One of the main difficulties rocket scientists have to contend with—other than rocket scientist jokes—is weight. The payload's, that is, not their own. A given rocket can only lift so much, and that means many a scientific experiment bound for space has been put on a diet by its creators.
Which is why "make it fit inside a tennis ball can" isn't as goofy a goal for a NASA competition as you might think.
This year, a team of 10 UNH students entered the annual CanSat Competition in Texas for the first time and walked away with first place, beating almost two dozen other collegiate teams.
"Ten teams dropped out from the competition because they couldn't do it—including MIT, which really psyched us," says Rob Terry '08, '10G, an electrical engineering major and the team leader.
UNH's "satellite in a can" was the only one that met all the various design criteria for the payload, which had to measure and transmit the tiny changes in atmospheric pressure during a half-mile-high flight, deploy a parachute, descend at a particular rate to a particular place, dump the parachute and then stand up, all on its own.
"A lot of people worked a lot of time to make it fit," says Terry, who is an intern at BAE Systems (a major sponsor of the team) in Merrimack, N.H.

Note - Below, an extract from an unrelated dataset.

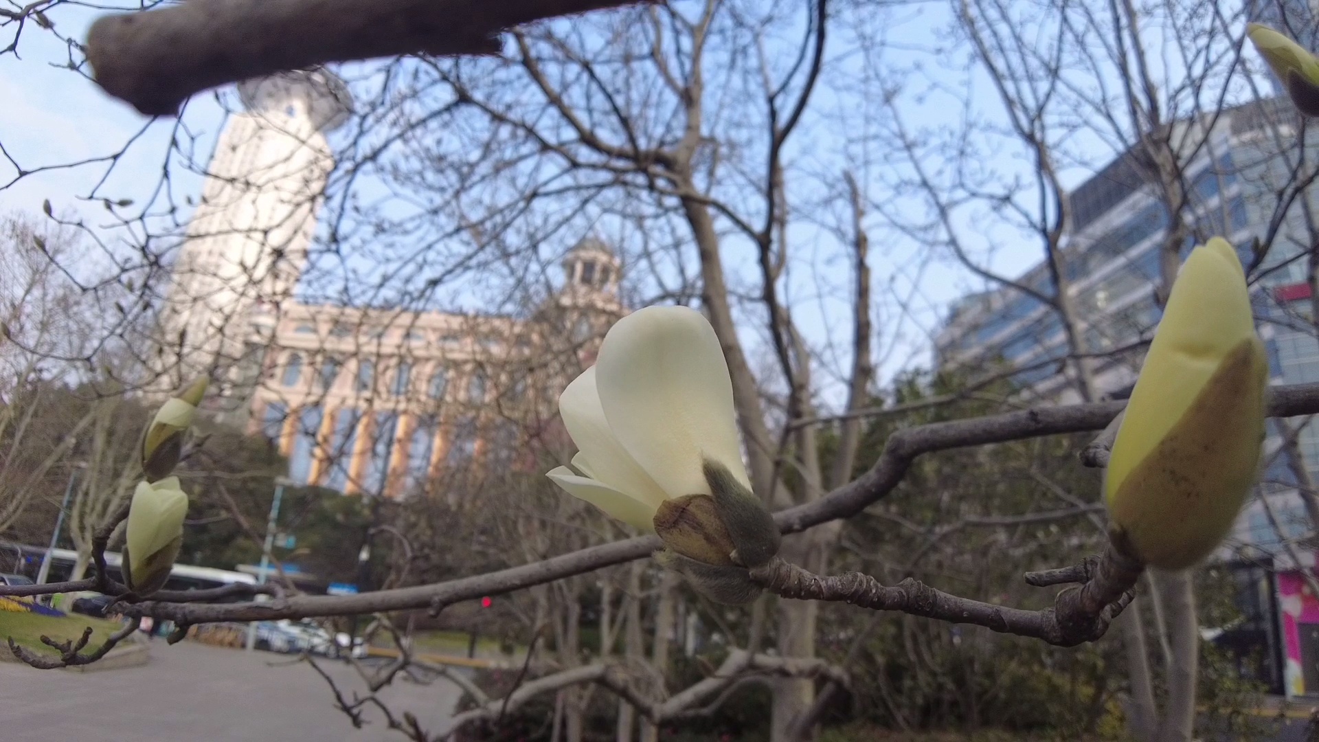 这位家住人民广场附近的75岁阿婆,特别关注这一片白玉兰的生长。她说,这一角有三四棵白玉兰,可能是阳光、水分或者品种等原因,总是会率先开花。刚开花的白玉兰花瓣上白中带着一点淡淡的黄,在蓝天、阳光下,格外婀娜多姿。

The team was helped by the fact that UNH's mechanical engineering department has a "rapid prototype machine," which is like an inkjet printer that lays down layer upon layer of plastic to create three-dimensional objects. Not everything in the yearlong effort was so sophisticated, however. The team, for example, did one parachute test by throwing the CanSat off the top of Morse Hall.
One of the last hurdles was commercial aviation. Says Terry: "You should have seen me going through security at the airport."